Monsieur le ministre, dans le cadre budgétaire qui vous est fixé, votre gestion est respectable. Il reste que nos campagnes traversent une période de bouleversement et que dans certaines filières, il y a le feu. Votre budget est trop classique pour parvenir à l'éteindre. Ce n'est pas la riposte que l'agriculture française attend.

Il est vrai qu'en bout de course, nos sentiments sont partagés. François Sauvadet l'a dit, je le reprends à mon compte : nous saluons le retour de la France comme acteur majeur de la diplomatie agricole européenne. Sur le plan national, votre gestion est intellectuellement honnête et respectable. Mais il manque, pour le moment, l'audace réformatrice nécessaire dans une période de crise aussi brutale. Pour cette raison, à cause de ce décalage, solidaire avec le groupe UDF, je m'abstiendrai lors du vote de ce budget.

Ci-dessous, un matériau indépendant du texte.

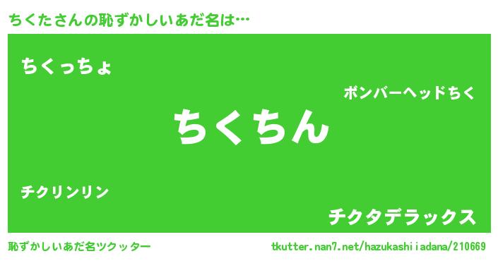 | ファンタジー風あだ名 | 『チクディッシュ』『エターナルチクター』 |

M. le président. La parole est à M. Louis Guédon.

M. Louis Guédon. Monsieur le président, monsieur le ministre, monsieur le secrétaire d'État, mes chers collègues, le budget de la pêche s'élève pour 2005 à 32,4 millions d'euros. Ces crédits sont destinés à soutenir une flotte de 5 695 navires pour un tonnage de 639 000 tonnes et pour un chiffre d'affaires qui, en 2003, s'est élevé à 964 millions d'euros pour les produits frais, à 177 millions d'euros pour les produits congelés, auxquels s'ajoute la conchyliculture.

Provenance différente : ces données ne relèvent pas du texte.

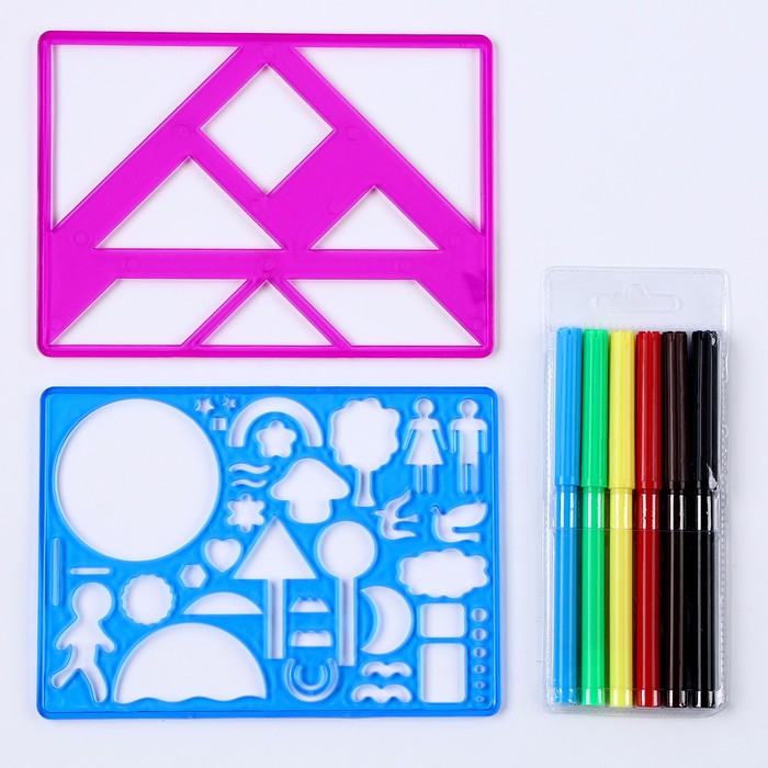 Трафареты «Мальчик и девочка», набор 2 шт., 6 шт. фломастеров

Le montant de ces crédits exprime l'effort financier du Gouvernement. Ce budget qui, en 2004, augmentait de 23,5 %, voit sa baisse contenue de 5,6 %. (Exclamations sur les bancs du groupe socialiste et du groupe des député-e-s communistes et républicains.) Il traduit donc l'attention particulière que vous portez au monde de la mer dans un contexte budgétaire très difficile.

Ce budget prend en compte le nécessaire plan de modernisation de la flotte, qui doit permettre d'ici à 2006 la construction de 250 nouveaux navires et la modernisation de 100 d'entre eux.

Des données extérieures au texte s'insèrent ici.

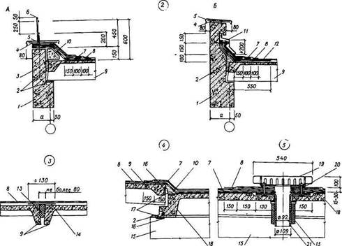 Рис.5. Узлы 2-4 сопряжений конструкций рулонной крышн с холодным чердаком (тип А): А - вариант решения карнизного узла с решетчатым ограждением; Б - то же, с парапетом; 1 - фризовая панель; 2 цементно-песчаный раствор; 3 - анкерный выпуск; 4 - кровельные костыли через 600 мм пристрелены дюбелями; 5 - оцинкованная кровельная сталь; 6 - стойка ограждения; 7 - дополнительные два слоя рубероида на битумной мастике; 8 - основная кровля; 9 - ребристая железобетонная кровельная панель; 10 - бетонный бортовой камень; 11 - защитный фартук из оцинкованной кровельной стали; 12 - скользящая полоса рулонного материала; 13 - маты минераловатные; 14 - полоса из рулонного материала с односторонней приклейкой на ширину 50 мм; 15 - опорная рама; 16 - закладная деталь; 17 - монтажный соединительный элемент; 18 -лотковая панель; 19 - водосточная воронка; 20 - заливка герметизирующей мастикой; 21 - труба спускная водосточной воронки

Vous avez inscrit 504 millions d'euros de crédits de programmation et prévu la poursuite des prêts bonifiés indispensables à l'équilibre financier des armements. Ce plan assurera la sécurité de nos équipages, qui sera renforcée par la fourniture des vêtements à flottabilité intégrée, les VFI.

Ce dispositif n'a pas occulté la nécessité de soutien que doivent connaître les Sofipêche, mises en place à l'initiative de la profession. 53 navires sont en cause : 34 pour une première installation pour nos jeunes ; 19 pour des renouvellements. Au total, 55 millions d'investissement, qui permettent d'espérer 370 emplois embarqués, grâce à l'initiative du groupe de la coopération et du crédit maritimes.

Ce dossier, monsieur le ministre, a été transmis à la Commission européenne, avec l'aval du ministre des finances. Puisse-t-il après une évaluation des équivalents subventions, être jugé conforme au droit communautaire !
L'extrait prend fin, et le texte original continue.